Work item :: Write again exactly the lines in the listing below, starting at the line with "selbstbewußt. Er liebt" and ending at the line with "선택적 트리거 단어: 머리", both included. Pictures are not copied.

Material to process ::
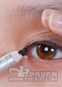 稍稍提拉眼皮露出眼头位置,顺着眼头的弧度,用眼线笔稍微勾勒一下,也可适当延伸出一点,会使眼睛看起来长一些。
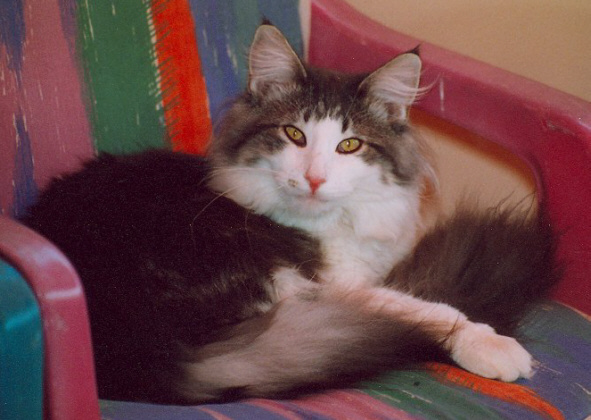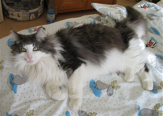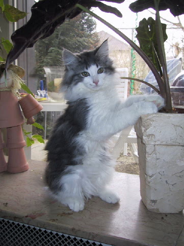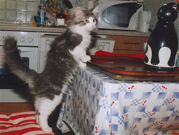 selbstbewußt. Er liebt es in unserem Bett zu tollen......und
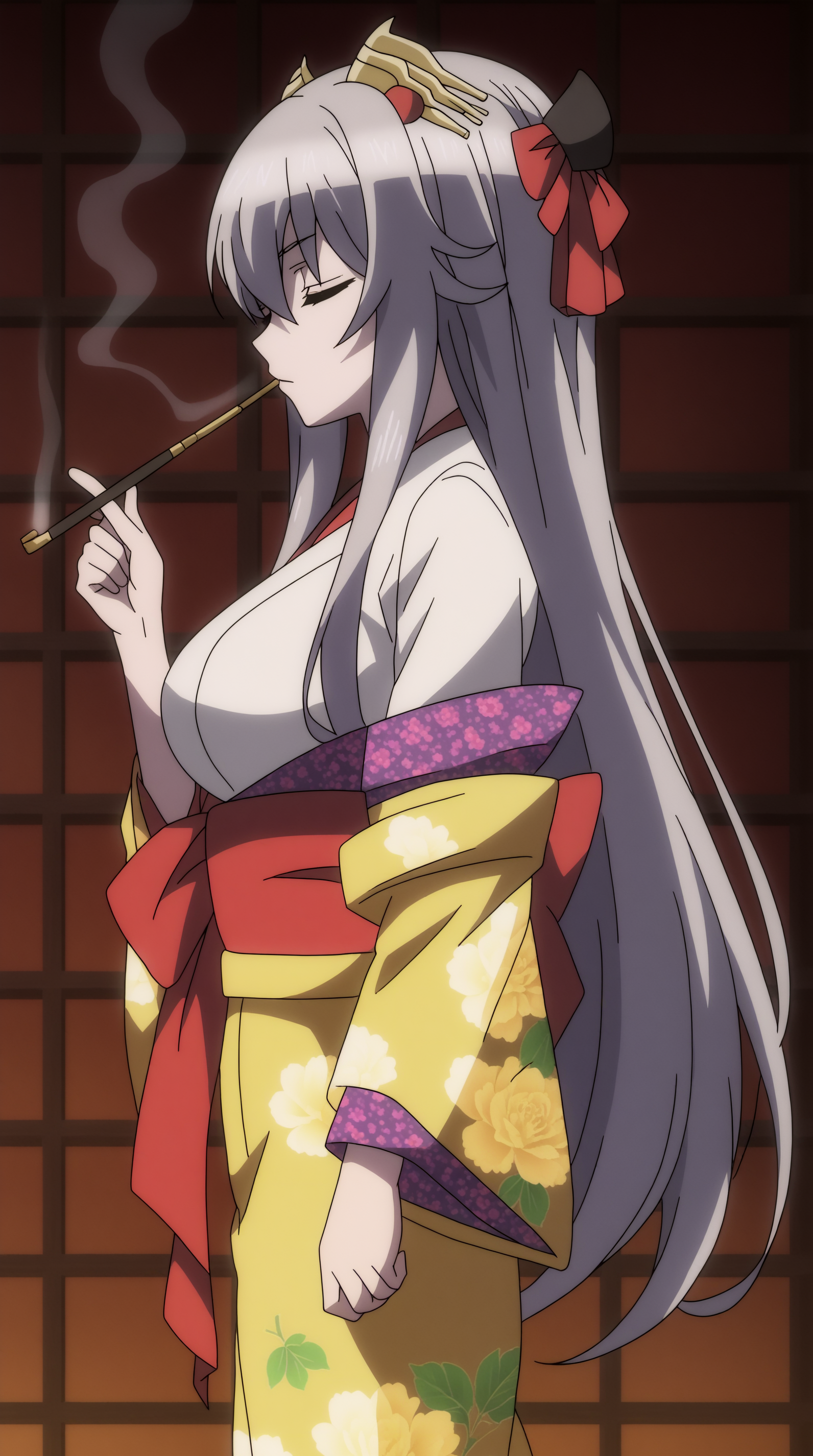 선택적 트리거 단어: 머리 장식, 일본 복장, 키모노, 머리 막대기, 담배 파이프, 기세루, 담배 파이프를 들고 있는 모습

...

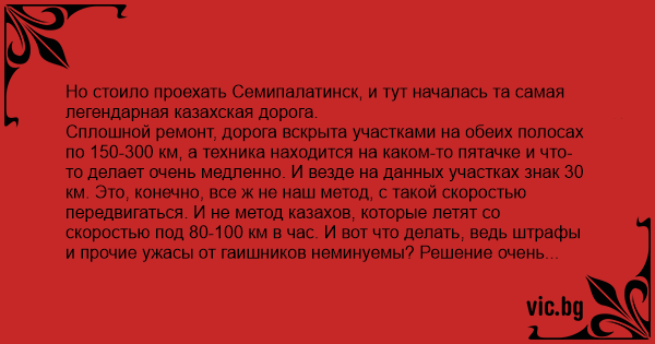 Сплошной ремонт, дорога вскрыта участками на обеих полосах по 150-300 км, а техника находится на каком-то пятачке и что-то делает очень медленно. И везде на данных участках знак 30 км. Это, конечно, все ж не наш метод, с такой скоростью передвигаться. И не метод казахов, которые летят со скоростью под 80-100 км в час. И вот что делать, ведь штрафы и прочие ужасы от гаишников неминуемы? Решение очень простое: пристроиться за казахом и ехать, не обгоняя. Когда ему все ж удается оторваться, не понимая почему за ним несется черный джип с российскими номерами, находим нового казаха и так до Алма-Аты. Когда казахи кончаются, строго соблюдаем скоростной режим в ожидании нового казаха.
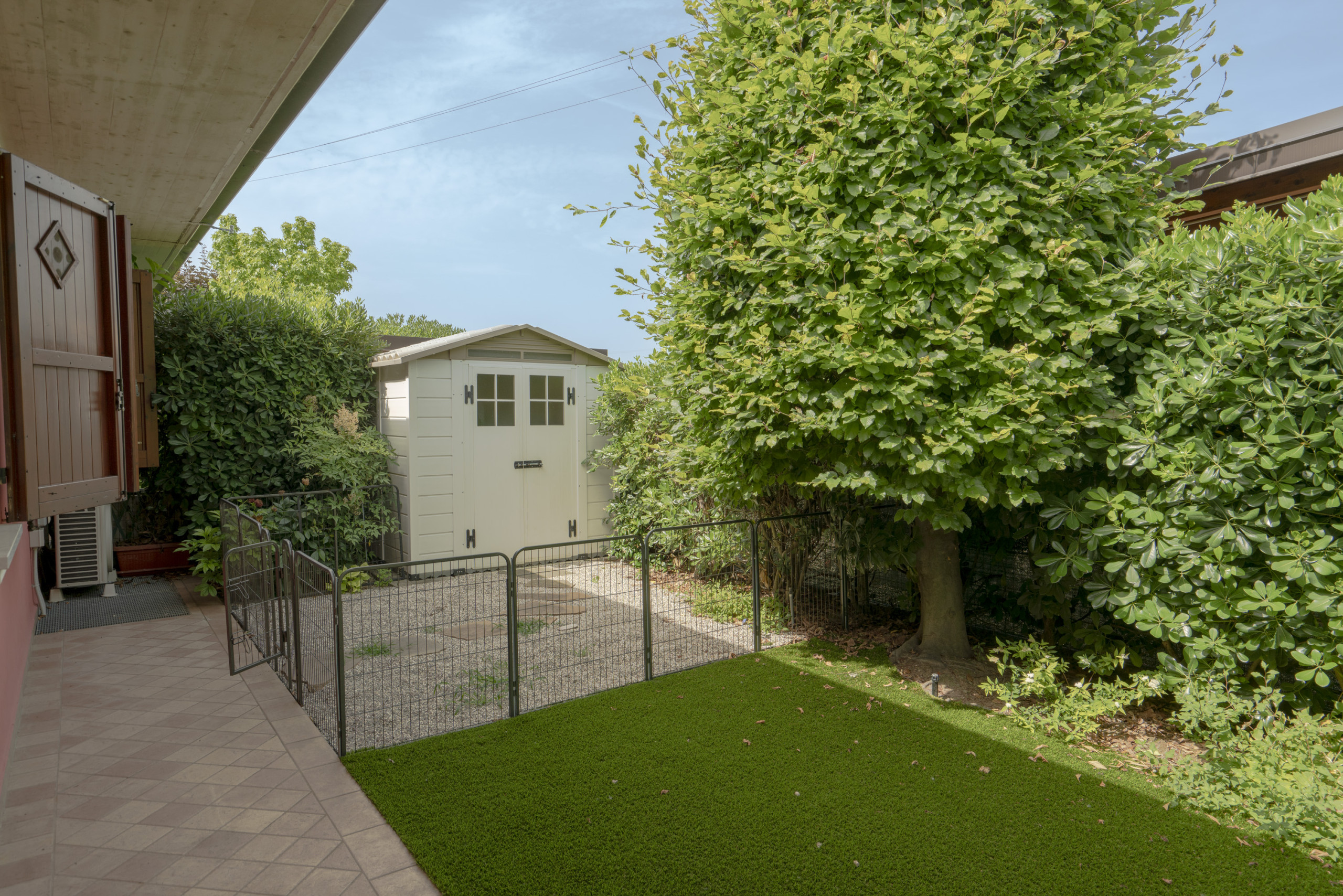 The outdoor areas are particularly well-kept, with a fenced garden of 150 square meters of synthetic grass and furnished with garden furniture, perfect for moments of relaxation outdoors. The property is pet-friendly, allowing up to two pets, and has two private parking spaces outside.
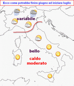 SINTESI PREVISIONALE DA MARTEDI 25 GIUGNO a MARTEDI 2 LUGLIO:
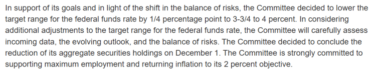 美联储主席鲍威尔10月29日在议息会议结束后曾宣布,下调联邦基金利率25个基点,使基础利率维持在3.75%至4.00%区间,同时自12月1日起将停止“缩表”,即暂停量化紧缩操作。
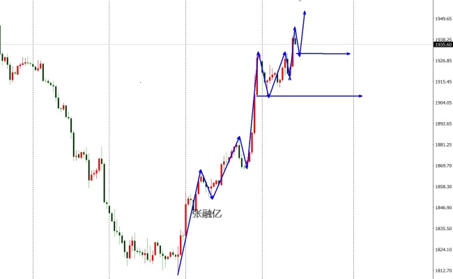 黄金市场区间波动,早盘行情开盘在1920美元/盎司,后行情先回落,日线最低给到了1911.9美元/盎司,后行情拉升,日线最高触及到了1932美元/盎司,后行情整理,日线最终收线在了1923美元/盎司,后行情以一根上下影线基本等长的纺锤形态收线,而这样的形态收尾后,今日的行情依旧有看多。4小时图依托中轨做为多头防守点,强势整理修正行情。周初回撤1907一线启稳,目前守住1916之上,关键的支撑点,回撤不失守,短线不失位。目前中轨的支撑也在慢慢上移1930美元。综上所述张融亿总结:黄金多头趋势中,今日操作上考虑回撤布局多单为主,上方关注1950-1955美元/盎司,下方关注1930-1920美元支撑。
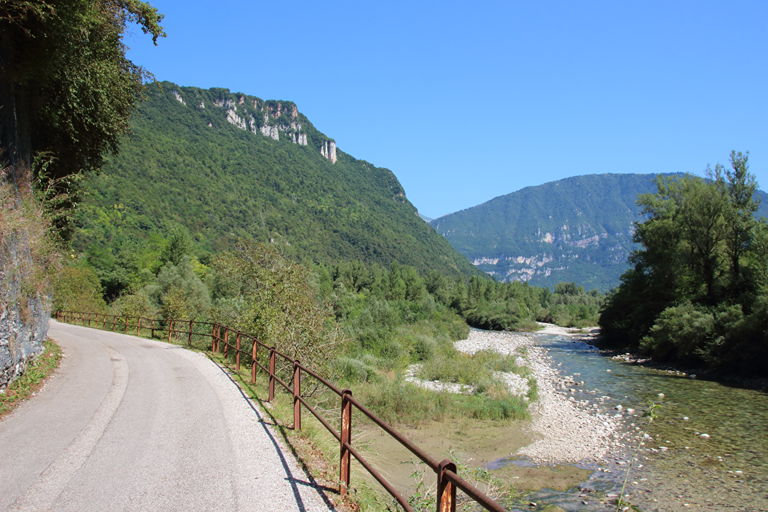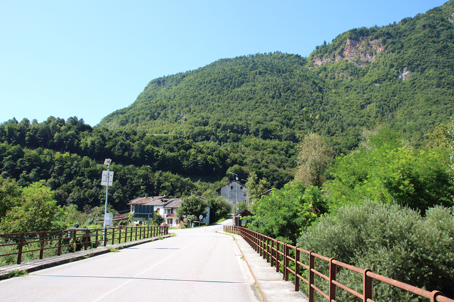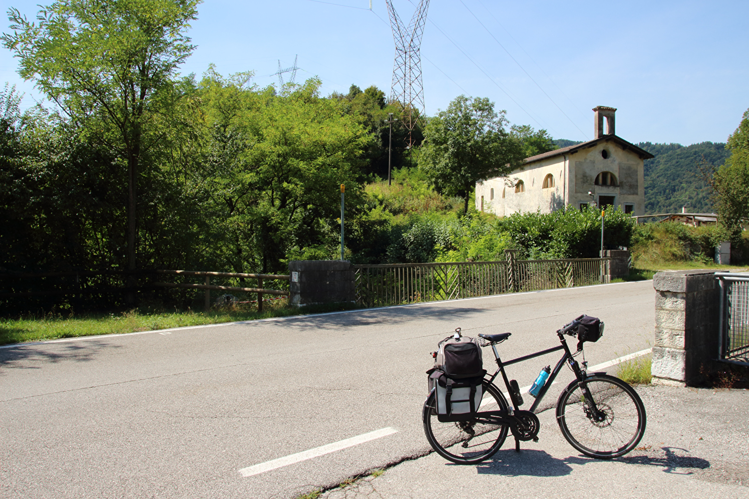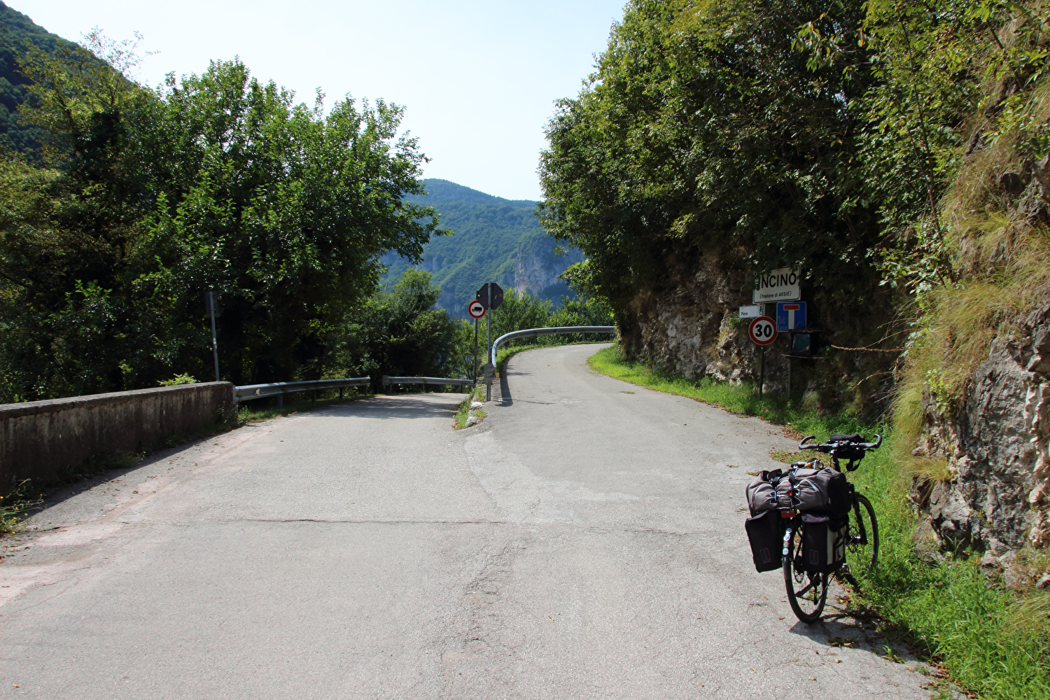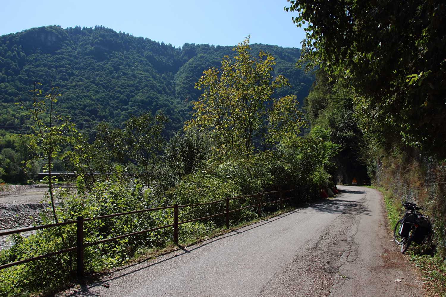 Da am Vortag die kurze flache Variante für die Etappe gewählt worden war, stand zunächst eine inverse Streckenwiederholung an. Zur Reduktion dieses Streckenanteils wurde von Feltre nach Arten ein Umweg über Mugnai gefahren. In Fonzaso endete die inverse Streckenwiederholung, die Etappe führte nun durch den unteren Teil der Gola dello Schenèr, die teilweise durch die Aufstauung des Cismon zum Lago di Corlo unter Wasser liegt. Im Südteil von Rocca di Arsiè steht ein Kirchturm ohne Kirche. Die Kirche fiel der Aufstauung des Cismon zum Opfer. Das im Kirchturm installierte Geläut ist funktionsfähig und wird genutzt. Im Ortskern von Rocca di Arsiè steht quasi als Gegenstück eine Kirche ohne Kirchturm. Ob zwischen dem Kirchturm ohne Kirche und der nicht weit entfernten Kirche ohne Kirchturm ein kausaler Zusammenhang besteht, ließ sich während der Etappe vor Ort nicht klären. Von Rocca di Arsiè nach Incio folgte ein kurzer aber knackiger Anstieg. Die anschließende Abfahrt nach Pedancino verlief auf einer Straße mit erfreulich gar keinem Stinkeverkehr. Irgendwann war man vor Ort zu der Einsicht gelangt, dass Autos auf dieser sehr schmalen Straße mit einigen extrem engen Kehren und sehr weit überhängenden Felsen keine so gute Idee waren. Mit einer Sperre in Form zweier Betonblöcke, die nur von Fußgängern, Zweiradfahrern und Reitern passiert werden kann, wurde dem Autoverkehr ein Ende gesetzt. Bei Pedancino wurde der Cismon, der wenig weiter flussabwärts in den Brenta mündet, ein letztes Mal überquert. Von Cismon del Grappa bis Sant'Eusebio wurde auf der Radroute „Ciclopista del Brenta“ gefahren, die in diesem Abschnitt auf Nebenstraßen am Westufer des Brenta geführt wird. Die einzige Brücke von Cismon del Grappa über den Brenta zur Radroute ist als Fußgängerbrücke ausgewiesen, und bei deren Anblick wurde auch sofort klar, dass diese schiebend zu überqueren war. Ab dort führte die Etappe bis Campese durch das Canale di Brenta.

Answer section ::
 selbstbewußt. Er liebt es in unserem Bett zu tollen......und
 선택적 트리거 단어: 머리 장식, 일본 복장, 키모노, 머리 막대기, 담배 파이프, 기세루, 담배 파이프를 들고 있는 모습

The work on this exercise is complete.